"Марк Александрович Алданов. Бельведерский торс (Повесть) " - читать интересную книгу автора

сейчас..." - и потащив за рукав рубашки Вазари, скрылась за дверью. Аккольти
слышал, как мужчина спросил вполголоса: "Кто этот сумасшедший?.." Женщина
зашикала и вынесла незакупоренную глиняную бутылочку. - "Отличная, старая
водка..." Он поблагодарил с изысканной учтивостью и предложил заплатить. -
"Что вы, что вы, какая плата между соседями!" - говорила, вздрагивая,
стрега. Мужчина стоял на пороге и, кажется, у него теперь что-то было в
руке. Аккольти поблагодарил еще изысканнее и вышел. Дверь захлопнулась
несколько быстрее и громче обычного.
Он поднялся к себе и выпил залпом всю порцию водки. Его очень обожгло,
но стало гораздо легче. Сел на постель и подумал, что потерял голову: как же
можно было в таком виде показываться людям? Донесут? Нет, не успеют.

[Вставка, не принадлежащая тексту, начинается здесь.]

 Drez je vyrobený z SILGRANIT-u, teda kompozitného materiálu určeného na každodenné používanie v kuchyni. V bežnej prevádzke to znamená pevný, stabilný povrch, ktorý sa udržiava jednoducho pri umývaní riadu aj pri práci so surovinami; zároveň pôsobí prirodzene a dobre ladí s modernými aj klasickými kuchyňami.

Аккольти подошел к окну, времени все еще оставалось много. Снизу, из окна,
до него донесся смех, звук поцелуев. Он вдруг пришел в ярость, вышел, хотел
было снова постучать - и опомнился. Застегнув кафтан, он выбежал из дому.

8

...За Микеланджело, стараясь приспособиться к его ходу, шел тот молодой
художник, который копировал группу "Страшного Суда". Он что-то восторженно
говорил. Микеланджело шел, не глядя на него и не слушая, он только
чувствовал, что это счастливый человек, верящий - как они все - в искусство,
верящий в то, что искусство - великая радость. Бесполезно и незачем было
объяснять им правду. Он думал, что теперь все кончено: посмотрел в последний
раз, руки больше не слушаются, глаза больше не видят. На солнце он опять
лишился зрения. Сбоку заржала лошадь, он не видел лошади, но по ржанию
почувствовал, что это прекрасное животное, - страстно любил все живое, за
исключением людей. Молодой художник продолжал нести вздор о "Страшном
Суде", - точно он мог это понять, точно кто-либо мог понять это...

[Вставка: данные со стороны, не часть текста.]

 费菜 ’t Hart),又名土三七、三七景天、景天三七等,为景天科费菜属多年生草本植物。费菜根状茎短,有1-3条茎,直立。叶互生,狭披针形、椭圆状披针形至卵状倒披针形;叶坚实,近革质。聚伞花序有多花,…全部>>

Какой-то человек нагнал их и, низко поклонившись, сказал, что святой
отец просит мессера Буонаротти пожаловать к нему, в сад. Микеланджело не
обратил внимания на эти слова, - зачем ему теперь люди, зачем ему и сам
папа? Слуга вполголоса ответил, что старик очень устал и болен: святой отец
извинит.
"Если домой, то направо", - прокричал слуга. Микеланджело остановился и
растерянно обвел двор ничего не видящими глазами. "Это бельведерский двор,
вот торс, ваш торс", - пояснил с улыбкой художник.
- Бельведерский торс! - вскрикнул Микеланджело.

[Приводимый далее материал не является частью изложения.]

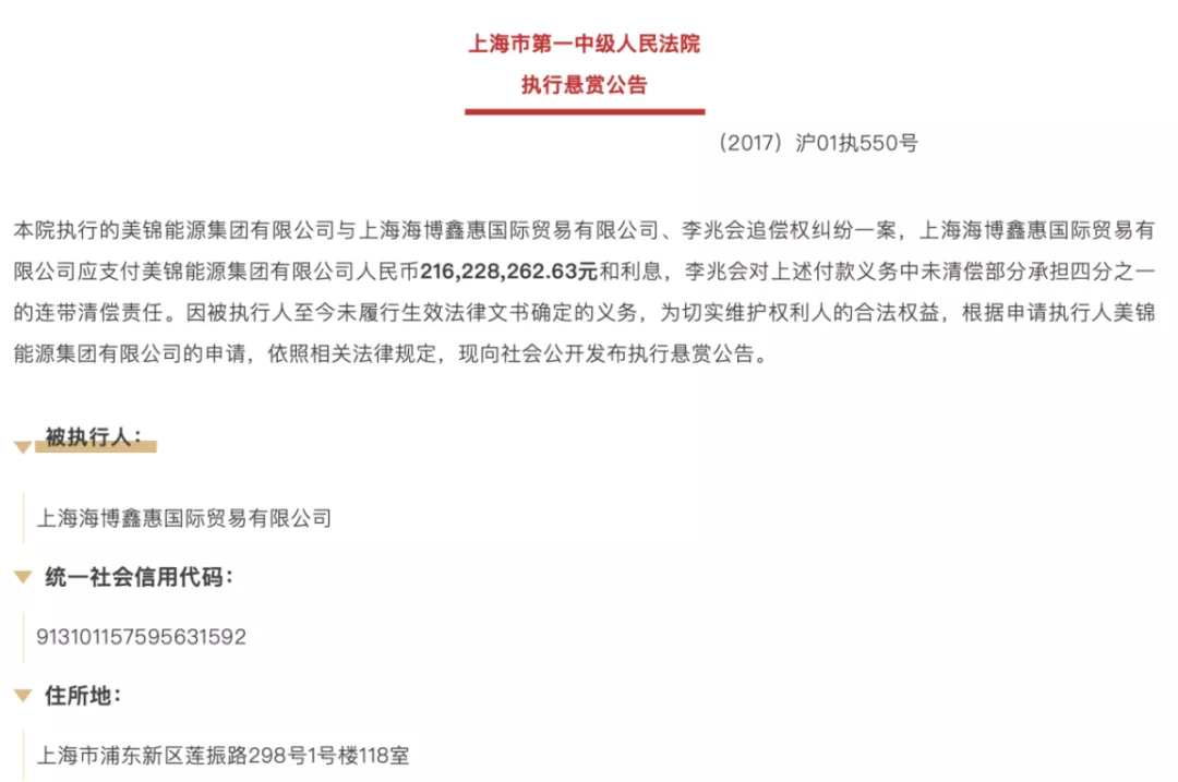 這一次,懸賞2100萬“活捉”李兆會的正主,也是美錦能源。

На дворе стоял древний торс, найденный при раскопках у театра Помпея.
Художникам было хорошо известно, что Микеланджело считает этот обломок
высшим из самых высоких творений искусства: он говорил, что никто никогда не
создал ничего хотя бы близкого к этому по достоинству. Слуга осторожно
подвел его к торсу. Старик прикоснулся к мрамору одной рукой, потом двумя,
на лице его изобразились радость и нежность. Неизвестно, когда жил в
древности человек, неизвестный афинянин Аполлоний, сын Нестора, и изваял эту
статую, и два тысячелетия ждал другого человека, который мог ее оценить,
хотя не мог создать равного. Он думал, что в этом торсе есть священная
простота, без которой нет ничего, и что сам он был ее лишен и потому
проиграл свою жизнь. В его фресках было значение, непонятное другим людям.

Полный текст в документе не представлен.